The main girder was lofted onto card board using the infomation from the autoCAD drawing and then cut and laminated. This girder was prelaminated as well and then attached. This girder was the one that would have the weight of the cockpit sole on it and would also intersect with the station 11 bulkhead creating a t-frame beam for more support, and run from the centercase to the transom. Another girder which is built just like the floors is up forward near the collision bulkhead and ties together the three ring floors.
The floors were made using strip of foam that were about 8 mm think and 40 mm wide and the butting them together to go the width of the boat. We hot glued them into place and then ran some carbon uni strips and then coved and fiberglass cloth-ed them into place. Once they are hardened they are nearly impossible to bend and create a great stiffening support without adding to much weight or reducing cabin space.

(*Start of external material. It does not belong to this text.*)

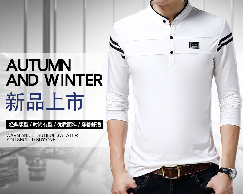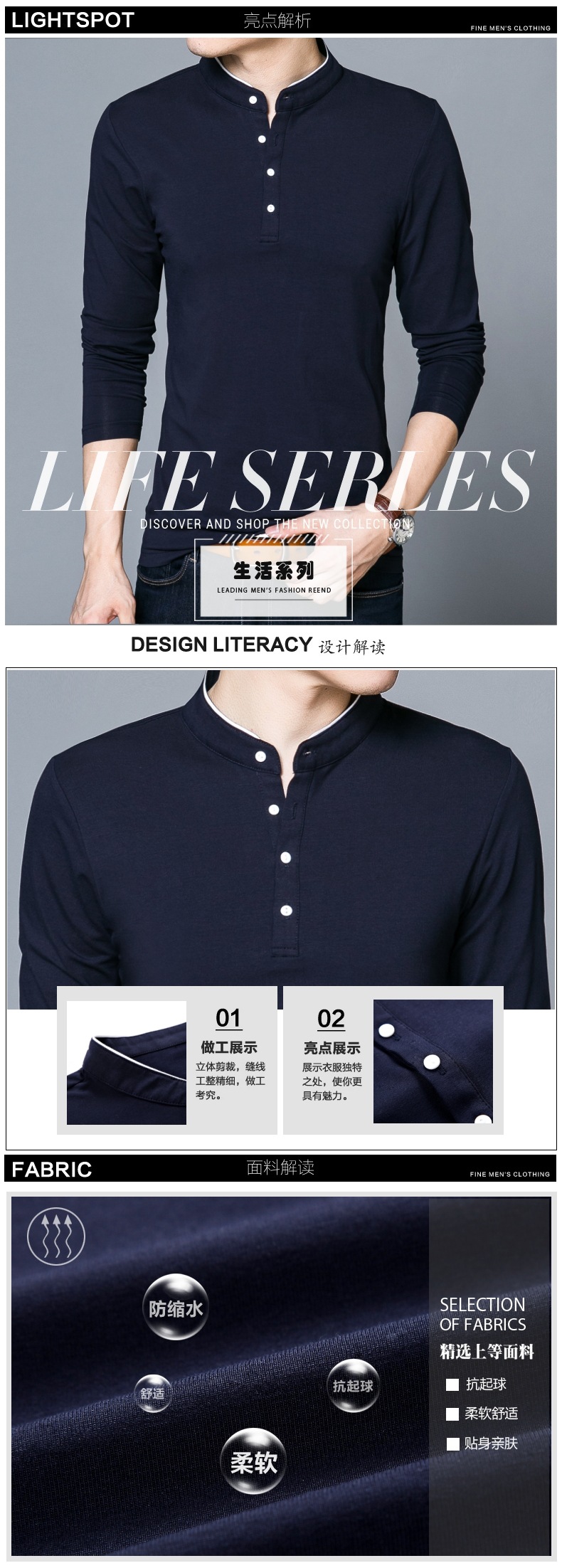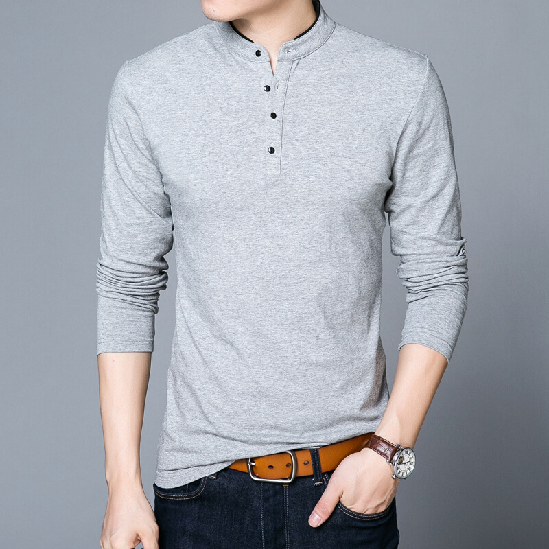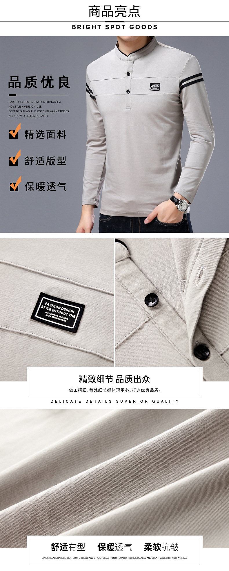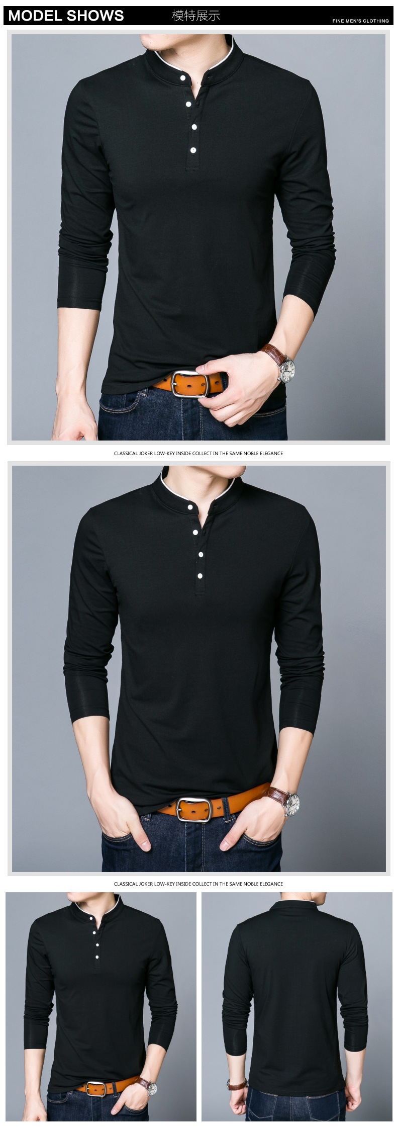 순면 긴팔 티셔츠 남성용 봄 가을 한국 스타일 슬림핏 패션 이너웨어 순면 가을옷 단색 다용도 중년 및 청년용스토어 가기
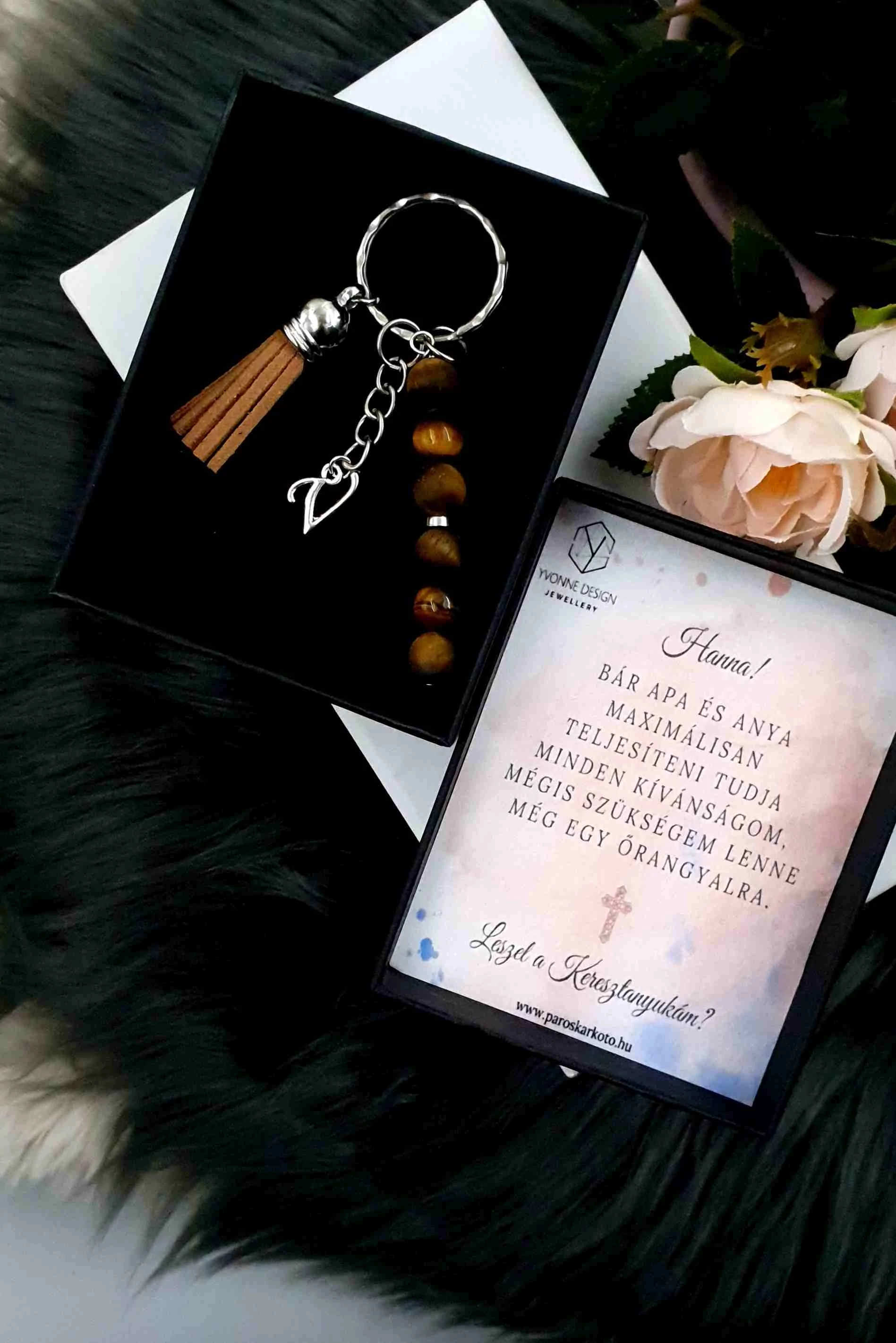 Keresztszülő felkérő díszdobozos  kulcstartó  személyre szabottan egyedi üzenettel. A kulcstartó 8 mm -es  tigrisszem ásványokból lettek készítve, és tartalmaz még egy betűmedált,  és egy bojtot. Az ajándékszett része a kulcstartó, a díszdoboz, illetve a doboz belsejében található személyes üzenet, melyet te tudsz nekünk megadni a vásárlási folyamat végén a megjegyzés rovatban (Pénztár/Összegzés menüpontban). Amennyiben változtatni szeretnél az üzeneten,  kérlek  idézőjelben add meg nekünk, hogy egyértelmű legyen számunkra, mit szeretnél látni a díszdoboz belsejében! Ez a szívhez szóló személyes ajándékot Te teszed különlegessé a személyes üzeneteddel, egészen biztos, hogy sikert arat és örök élmény marad!

The last bit of trickiness is the flange. Because the station 11 bulkhead is, in fact, there we are unable to get inside the boat to cove and glass the deck in place once we drop it on. So we built these flanges that can be squash bonded down onto. the flanges were created by measuring the deck camber (curve of the deck) and the thickess of the deck and then attaching some mdf to the inside of the hull with some plastic tape (packaging) to the underside. The we attached some peel-ply and cove and then used the fiberglass tape to make them. After the resin set we were then able to remove the temp frames and we had the flanges. This was also done for the transom.